─── Data under study ───
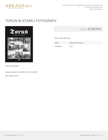 Dobra28 sp zoo. księgarnia wysyłkowa arkady.info ul. Dobra 28, Warszawa +48 22 444 86 97 TORUŃ W STAREJ FOTOGRAFII Cena: 27,00 PLN Opis słownikowy Autor Kalinowski Tomasz Wydawca Inne Opis produktu Oprawa twarda, Format 30x21,5cm, Stron 84 Rok wydania 2016 Plik wygenerowano: 08-03-2017 Powered by TCPDF (www.tcpdf.org) Oprogramowanie sklepu: AptusShop
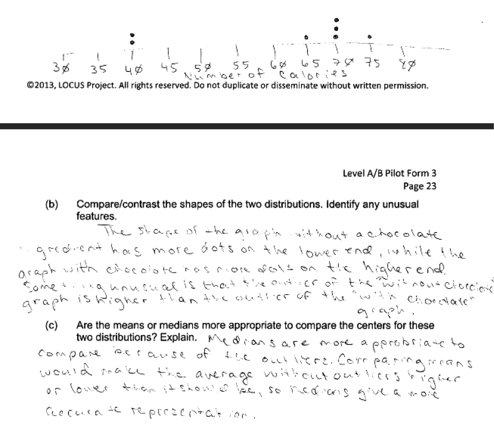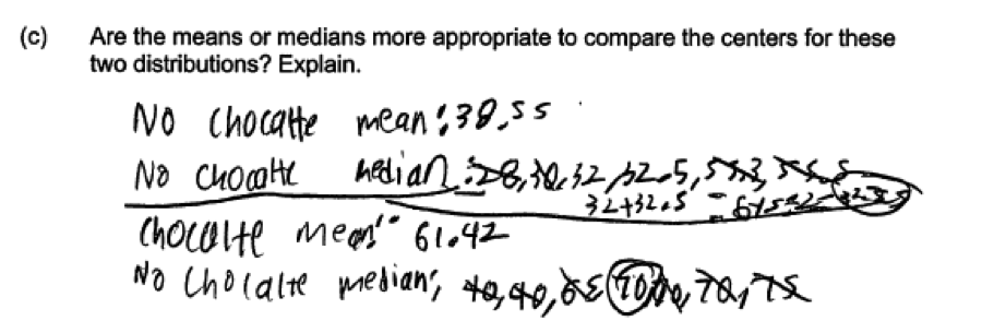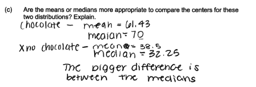 The following student response shows a good understanding of the concepts assessed by parts (a), (b) and (c) of this question. In part (a), the dotplot is drawn correctly with all 7 data values represented in the dot plot and an appropriate scale is shown. In part (b), the response correctly recognizes that the two distributions are skewed and that the direction of the skew is different by saying “without chocolate has more dots on the lower end, while the graph with chocolate has more dots on the higher end.” It also makes note of the outliers. In part (c) the median is chosen as the more appropriate measure of center and the justification is based on the outliers in the two distributions. This response was scored as essentially correct for the combined parts (a) and (b) and for part (c).
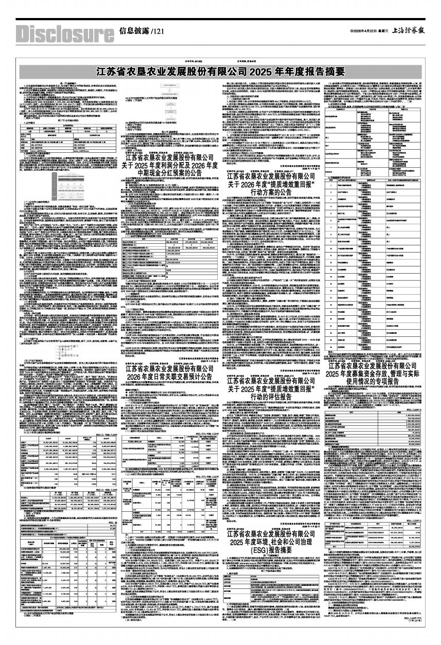 江苏省农垦农业发展股份有限公司2025年年度报告摘要
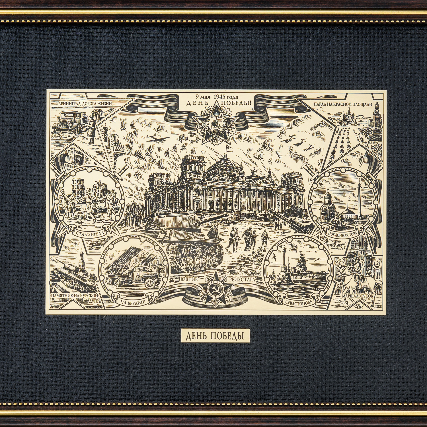 Русские подарки и сувениры → Интерьерные изделия → Офорты → Офорт черно-белый "День Победы" 25 х 32 см
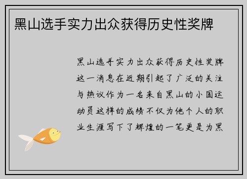 黑山选手实力出众,获得历史性奖牌,这一消息在近期引起了广泛的关注与热议。作为一名来自黑山的小国运动员,这样的成绩不仅为他个人的职业生涯写下了辉煌的一笔,更是为黑山这片小小的土地带来了无可比拟的荣耀。
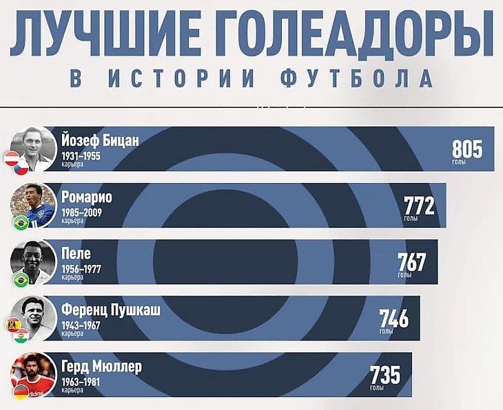 Йозеф Бицан — 759 голов в 495 матчах; 1,53 в среднем за матч;
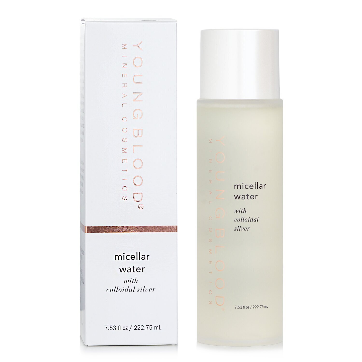 Youngblood’s Micellair Water met Colloïdaal Zilver zorgt voor een perfect gereinigde, zachte en soepele huid. Colloïdaal zilver helpt bij het ontgiften, zuiveren en revitaliseren van de huid, waardoor deze vrij blijft van microbiële stoffen en onzuiverheden. Perfect voor mensen met een ultragevoelige huid. Verrijkt met limoenboombloesem-, grapefruit- en komkommerextracten die helpen kalmeren en hydrateren, terwijl micellaire moleculen de huid reinigen. Deze verfrissende citrusformule stimuleert onmiddellijk en creëert een echte trifecta van frisse huid die make-up reinigt, tonifieert en verwijdert zonder strak of droog te worden. Micellair water bestaat uit micellen (minuscule parels van reinigende oliemoleculen) die in water zijn gesuspendeerd en die vuil, olie en make-up van het gezicht verwijderen zonder af te spoelen. Door deze ingrediënten te combineren, werkt deze formule als reiniger, toner en reiniger in één. Netto 6,76 fl oz | 200 ml
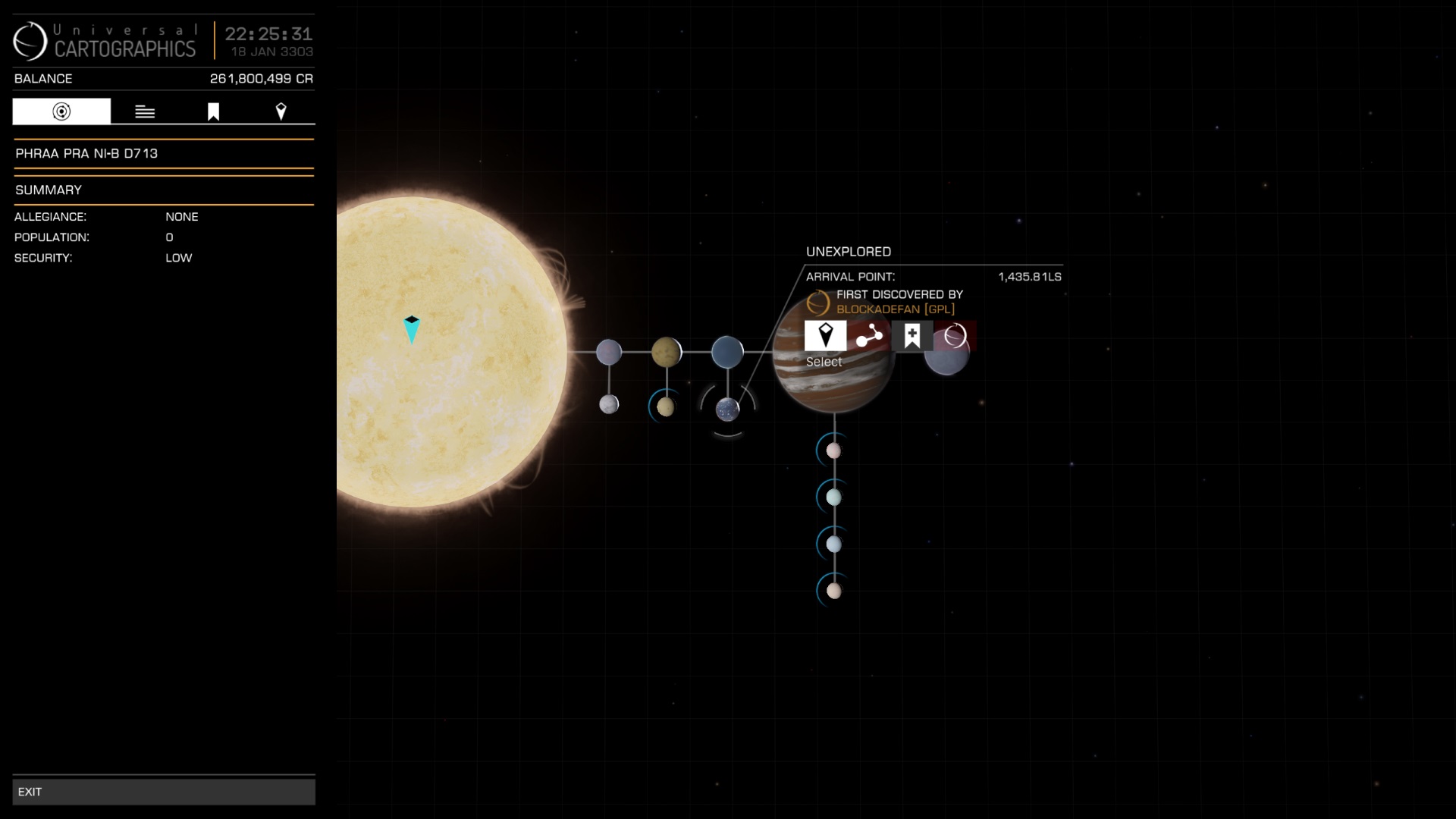 Nach Abgabe der Explorerdaten habe ich meinen Namen jetzt auch an das System gekritzelt, dass Sennemaa gefunden hatte. Gibt dort sehr viel Polonium und andere wertvolle Dinge. Obere Reihe gehört ihm, untere mir, also fest in GPL Hand:
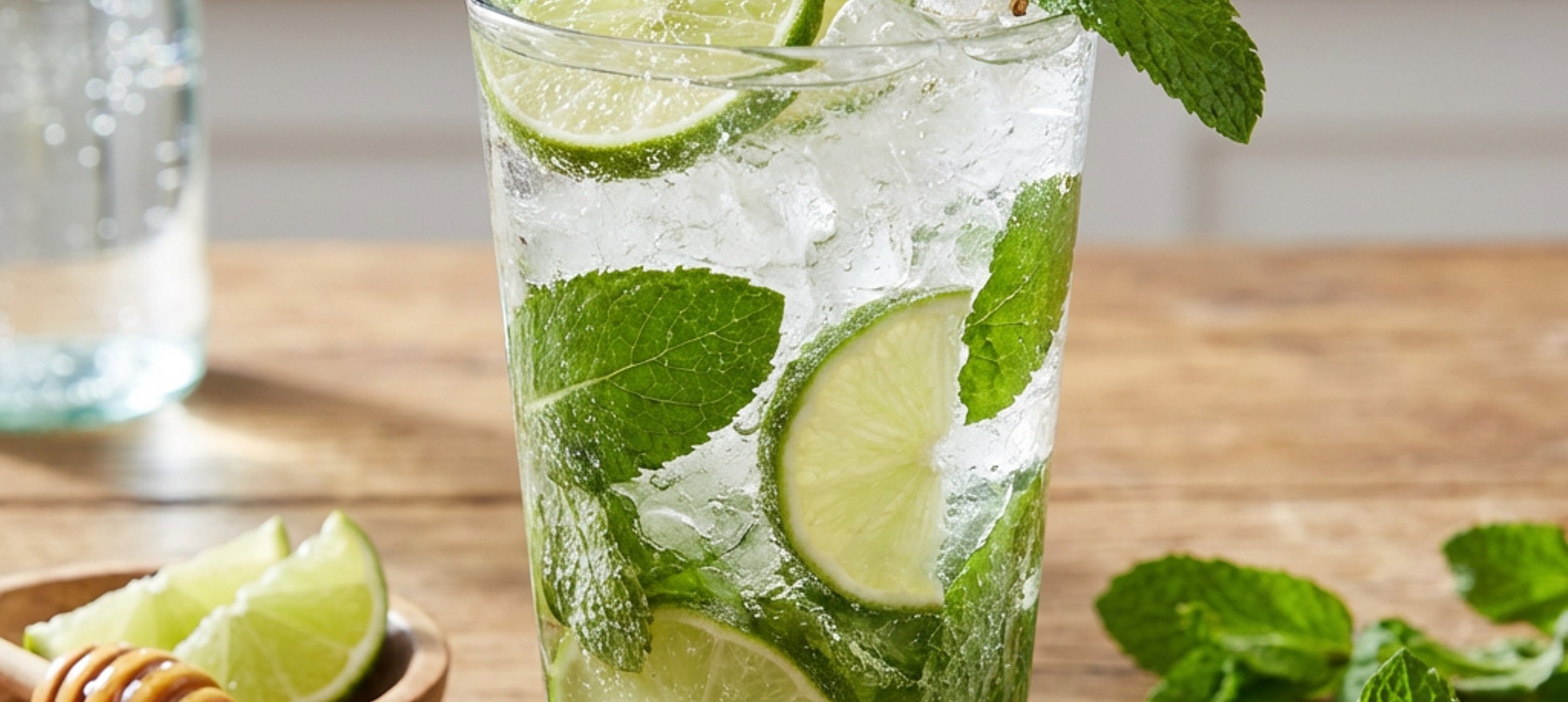 - 1Do vysoké servírovací sklenice přidejte limetkovou šťávu, med, polovinu plátků limetky a lístky máty a rozdrťte.
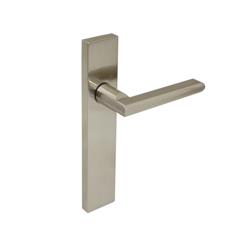 Solid slim profile door handle mounted on a long rectangular face plateFace plate 42mm wide x 200mm longZinc alloy construction with a satin nickel finish (looks like brushed stainless steel)Two mounting screws and washers includedSuitable for 35mm to 45mm
───
Required action:
Exactly as written, give again every line from the one containing "- 1Do vysoké" through the last line of the material, both included, with the pictures left out.

Exercise result:
 - 1Do vysoké servírovací sklenice přidejte limetkovou šťávu, med, polovinu plátků limetky a lístky máty a rozdrťte.
 Solid slim profile door handle mounted on a long rectangular face plateFace plate 42mm wide x 200mm longZinc alloy construction with a satin nickel finish (looks like brushed stainless steel)Two mounting screws and washers includedSuitable for 35mm to 45mm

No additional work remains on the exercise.